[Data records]
[Start of section]

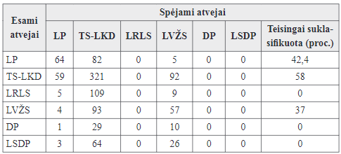 kategorijai). Verta pažymėti, kad šis modelis gana neblogai diferen- cijuoja LP ir LVŽS rinkėjus (nuspėja atitinkamai 42 ir 37 proc.), bet visai nepadeda atpažinti DP, LRLS ir LSDP rinkėjų (0 teisingai nuspėtų atvejų). Tai rodo, kad būtent LP ir LVŽS atsiduria skirtinguose naujai išryškėjusios vertybinės skirties poliuose, o kitos partijos šios skirties savo elektoratui mobilizuoti neišnaudoja.
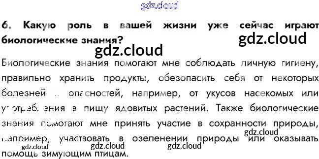 Ответ на задание 6 Учебник Биология за 5 (пятый) класс Сивоглазов, Плешаков 2020 ФГОС онлайн и без номера телефона.
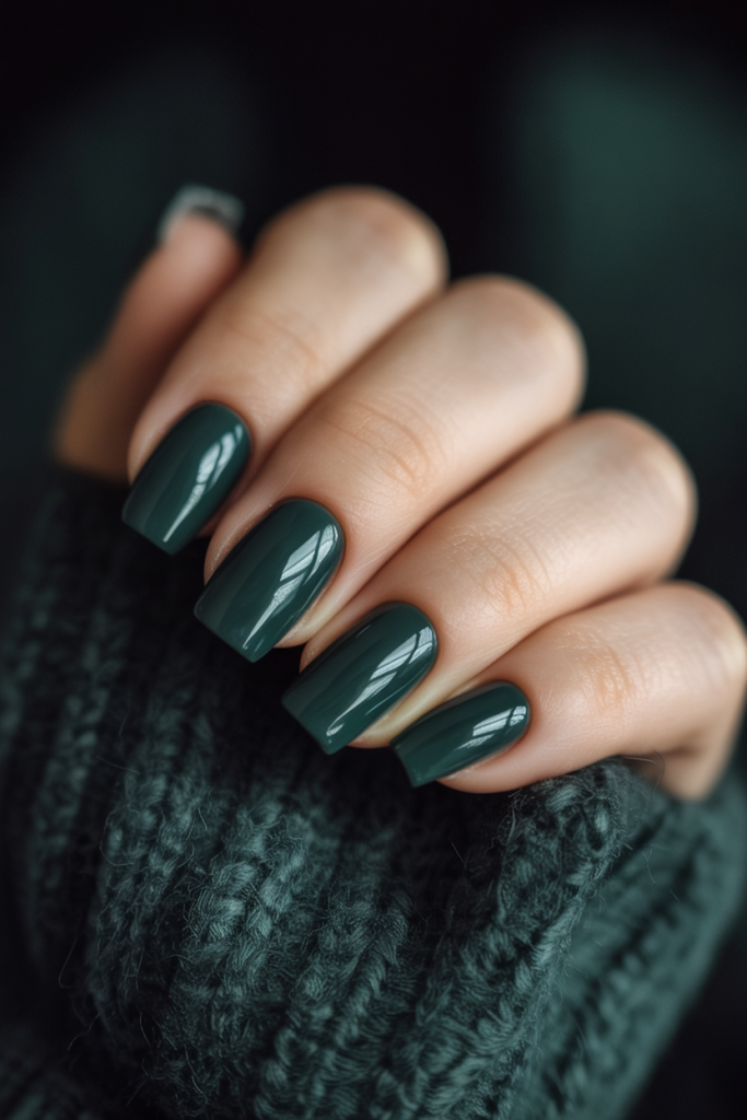 There’s something undeniably chic about a solid dark green manicure. This simple glossy finish is bold yet elegant, making it a versatile choice that works for both everyday wear and holiday events. It’s proof that sometimes less really is more.
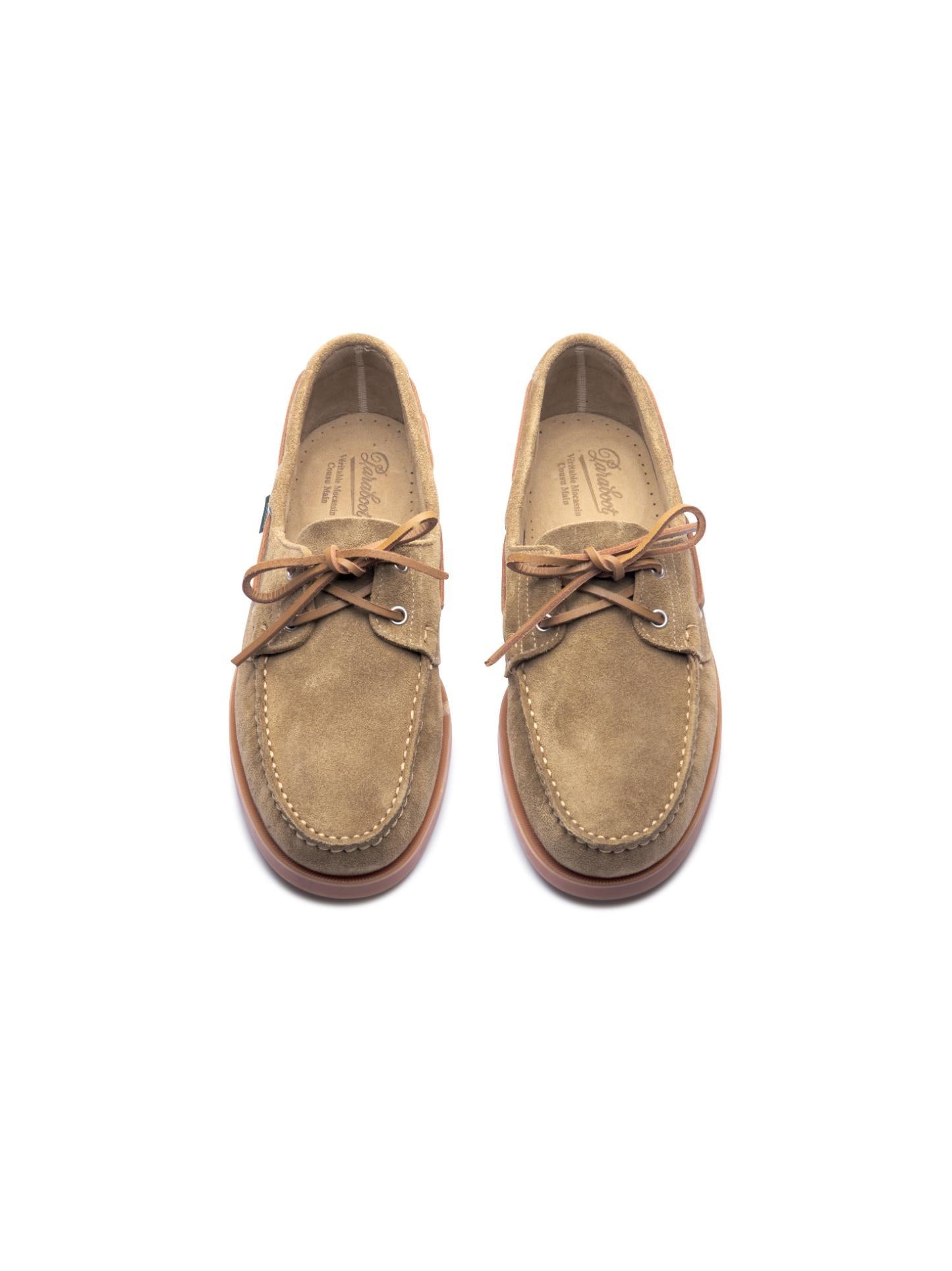 - Tomaia in pelle scamosciata con lacci passavela; etichetta logata sul lato
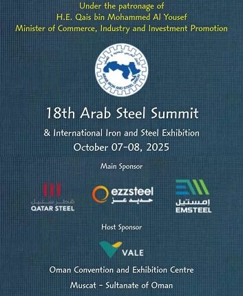 معدن۲۴: هجدهمین نشست آهن و فولاد عمان (18th Arab Steel Summit) به همراه نمایشگاه بینالمللی در تاریخ ۱۵ و ۱۶ مهرماه ۱۴۰۴ (۷ و ۸ اکتبر ۲۰۲۵) در مرکز همایشها و نمایشگاههای عمان (Oman Convention and Exhibition Centre) واقع در شهر مسقط، پایتخت سلطنت عمان برگزار میشود.
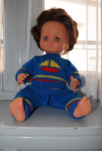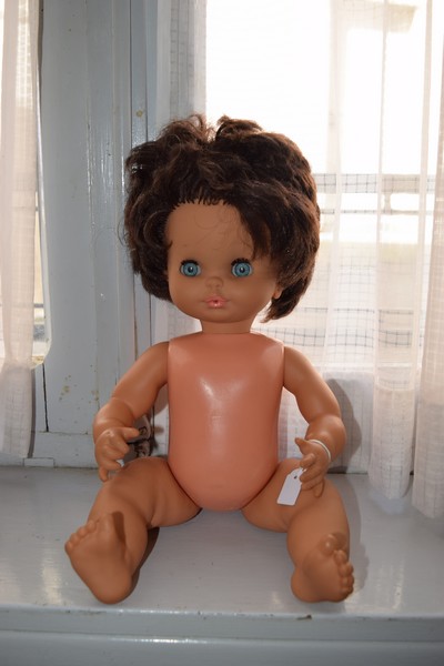 C’est un bébé buveur mouilleur de 42 cm. Sa tête et ses membres en vinyle sont emboîtés à son corps en polyéthylène. Ses yeux sont dormeurs et ses sourcils sont vol d’oiseau.

[End of section]

What you need to do ▸
Return the lines above exactly; the images are not part of the copy.

Result for this exercise ▸
 kategorijai). Verta pažymėti, kad šis modelis gana neblogai diferen- cijuoja LP ir LVŽS rinkėjus (nuspėja atitinkamai 42 ir 37 proc.), bet visai nepadeda atpažinti DP, LRLS ir LSDP rinkėjų (0 teisingai nuspėtų atvejų). Tai rodo, kad būtent LP ir LVŽS atsiduria skirtinguose naujai išryškėjusios vertybinės skirties poliuose, o kitos partijos šios skirties savo elektoratui mobilizuoti neišnaudoja.
 Ответ на задание 6 Учебник Биология за 5 (пятый) класс Сивоглазов, Плешаков 2020 ФГОС онлайн и без номера телефона.
 There’s something undeniably chic about a solid dark green manicure. This simple glossy finish is bold yet elegant, making it a versatile choice that works for both everyday wear and holiday events. It’s proof that sometimes less really is more.
 - Tomaia in pelle scamosciata con lacci passavela; etichetta logata sul lato
 معدن۲۴: هجدهمین نشست آهن و فولاد عمان (18th Arab Steel Summit) به همراه نمایشگاه بینالمللی در تاریخ ۱۵ و ۱۶ مهرماه ۱۴۰۴ (۷ و ۸ اکتبر ۲۰۲۵) در مرکز همایشها و نمایشگاههای عمان (Oman Convention and Exhibition Centre) واقع در شهر مسقط، پایتخت سلطنت عمان برگزار میشود.
 C’est un bébé buveur mouilleur de 42 cm. Sa tête et ses membres en vinyle sont emboîtés à son corps en polyéthylène. Ses yeux sont dormeurs et ses sourcils sont vol d’oiseau.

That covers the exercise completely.